Tax avoidance or tax evasion: where lies the dividing line?


Taxpayers are allowed to look for the most advantageous fiscal schemes and - as long as they don't violate any laws - this can only be a form of tax avoidance and not tax evasion. However, companies that make optimal use of fiscal rulings are often heavily criticised, as was the case with Shell quite recently. This has raised questions about where the dividing line between tax avoidance and tax evasion lies. In an interview with Nextens, Peter Kavelaars, Professor Fiscale Economie at Erasmus School of Economics, clarifies this. 

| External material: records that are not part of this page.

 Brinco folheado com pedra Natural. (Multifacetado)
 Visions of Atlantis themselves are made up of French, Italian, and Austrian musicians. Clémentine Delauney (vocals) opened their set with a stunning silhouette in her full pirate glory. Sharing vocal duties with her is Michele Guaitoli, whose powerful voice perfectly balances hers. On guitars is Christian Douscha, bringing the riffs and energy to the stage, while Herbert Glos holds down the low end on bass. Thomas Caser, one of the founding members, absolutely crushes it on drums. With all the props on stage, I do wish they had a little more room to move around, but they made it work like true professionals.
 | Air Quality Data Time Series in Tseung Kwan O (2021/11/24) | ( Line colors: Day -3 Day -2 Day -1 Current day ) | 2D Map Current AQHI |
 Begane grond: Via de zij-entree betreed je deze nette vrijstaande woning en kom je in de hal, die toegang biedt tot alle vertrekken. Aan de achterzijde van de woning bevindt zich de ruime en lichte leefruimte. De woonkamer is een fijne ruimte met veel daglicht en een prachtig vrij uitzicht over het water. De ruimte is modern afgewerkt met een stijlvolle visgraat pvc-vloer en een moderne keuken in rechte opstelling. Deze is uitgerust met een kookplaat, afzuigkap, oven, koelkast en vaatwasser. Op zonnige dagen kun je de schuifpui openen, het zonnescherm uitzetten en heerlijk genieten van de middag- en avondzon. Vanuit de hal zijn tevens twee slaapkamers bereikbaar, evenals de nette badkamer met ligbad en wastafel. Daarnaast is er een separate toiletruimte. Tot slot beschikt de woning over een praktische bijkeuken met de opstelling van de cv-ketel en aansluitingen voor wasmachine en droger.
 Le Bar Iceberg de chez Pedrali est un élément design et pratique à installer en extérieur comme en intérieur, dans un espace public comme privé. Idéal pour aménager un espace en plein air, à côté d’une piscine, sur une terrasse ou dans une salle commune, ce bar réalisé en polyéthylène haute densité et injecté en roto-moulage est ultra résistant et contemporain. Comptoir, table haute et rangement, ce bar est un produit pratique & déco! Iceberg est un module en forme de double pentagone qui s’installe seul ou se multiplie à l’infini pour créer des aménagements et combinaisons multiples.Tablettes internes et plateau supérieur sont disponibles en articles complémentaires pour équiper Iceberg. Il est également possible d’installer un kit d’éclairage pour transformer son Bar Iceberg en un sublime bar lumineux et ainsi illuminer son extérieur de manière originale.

Multinationals are allowed to make use of the tax rules of different countries because they have establishments in these various countries. As such, they have to deal with international tax treaties and European legislation. However, all these rules, legislation and case law are not very aligned and this raises problems. Every country namely has the freedom to create its own fiscal system and differences between countries can thus bring about advantages for internationally operating companies, as long as those companies also conduct activities in that country.

That a company needs to conduct activities in a specific country means that it is not sufficient to be a 'letterbox company'. In the past, establishing letterbox companies was not seen as a form of tax evasion because being established in a certain country should also mean that you can make use of that country's tax system. However, in the last few years, there have been many public and political discussions about letterbox companies, especially about letterbox companies that are established in the Netherlands. Under the pressure of the OESO and EU, the requirements that need to be met in order to establish your company in the Netherlands have become much stricter. As a result, the costs to establish your company in the Netherlands have become much higher than the fiscal benefits. 

Just like letterbox companies, tax rulings in the Netherlands were also heavily scrutinised, especially the rulings about liquidation losses. Shell made use of this ruling by settling its foreign losses in the Netherlands. As a result, Shell did not need to pay any taxes anymore because all foreign losses could be deducted from its profits. However, even though this practice was criticised, Shell's acts were in accordance with the Dutch law, because there exists Dutch legislation that allows this practice. 'Thus, this practice can absolutely not be a form of tax evasion', says Professor Kavelaars.